Pressure and temperature influence the efficacy of metal-organic frameworks for carbon capture and conversion
(1) Thomas Jefferson High School for Science and Technology, Alexandria, Virginia, (2) Division of Pre-college and Undergraduate Programs, Brown University, Providence, Rhode Island
Carbon dioxide (CO2) is a major contributor to global warming, which has led to irreversible environmental and socio-economic damage. Metal-organic frameworks (MOFs) are promising new nanomaterials for use in the fight against climate change that can efficiently capture and convert CO2 to other useful carbon products, such as ethanol, methanol, and cyclic carbonates. However, the large-scale production of MOFs for industrial use is limited because of their high porosity and customizability making their development, synthesis, and use expensive.

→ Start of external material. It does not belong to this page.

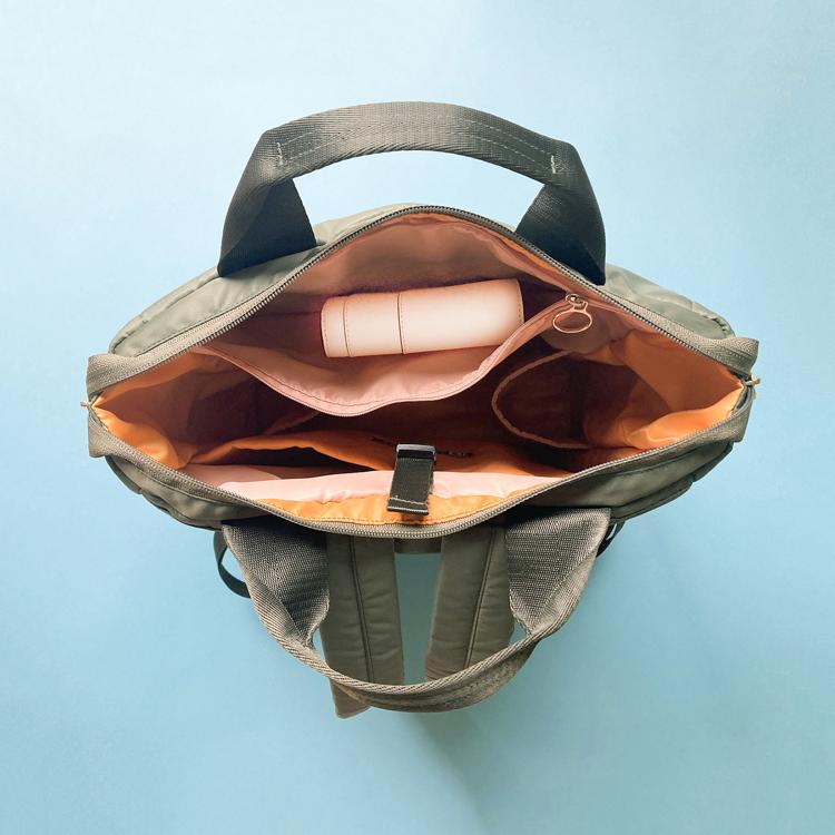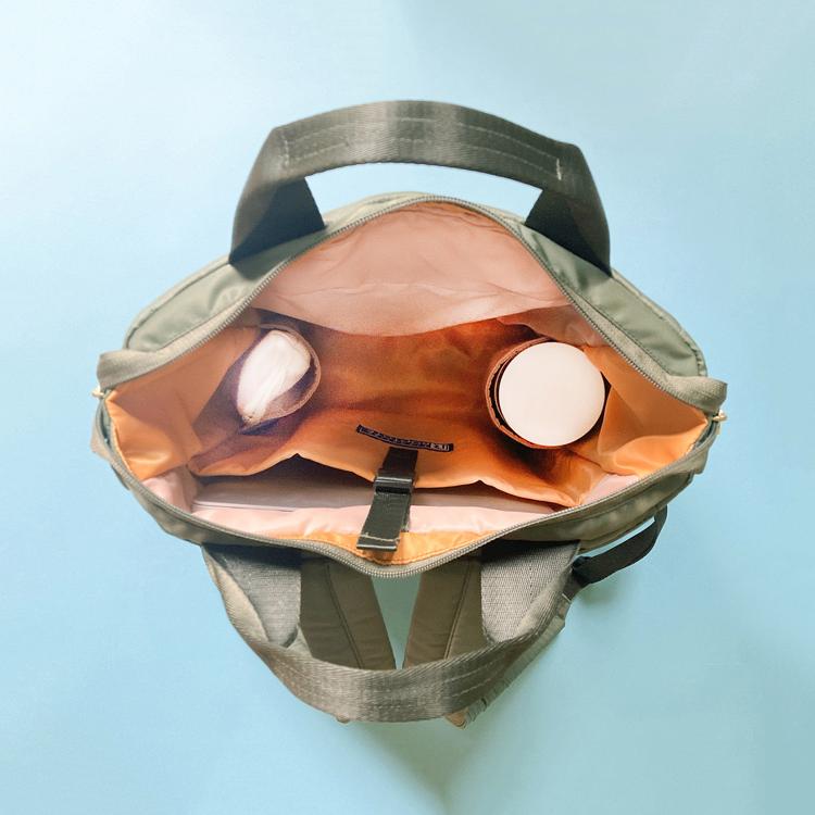 ・貴重品などの収納に。内側両サイドにはボトルホルダーと小物用ポケットがあります。

The purpose of our research was to use computational models to determine the reaction conditions under which MOFs can more efficiently capture and convert CO2. We used Python programming to examine current data presented in the literature, encompassing various MOFs with a range of pore sizes and different substrates to determine the optimal conditions for MOFs to capture and convert CO2 into useful products. Our results showed that pressure was significantly correlated in convex quadratic models with the selective capture of carbon and temperature was significantly correlated in a concave quadratic model with carbon conversion. Optimal reaction conditions were approximately 80°C (R² = 0.376) and 0-1 atm or 11-12 atm of pressure (R² = 0.210). In a cost-efficient manner, this analysis tested the hypothesis that pressure and temperature affect the efficacy of carbon capture and conversion, and contribute to understanding the optimal conditions for MOF performance to improve the use of MOFs for controlling greenhouse CO2 emissions.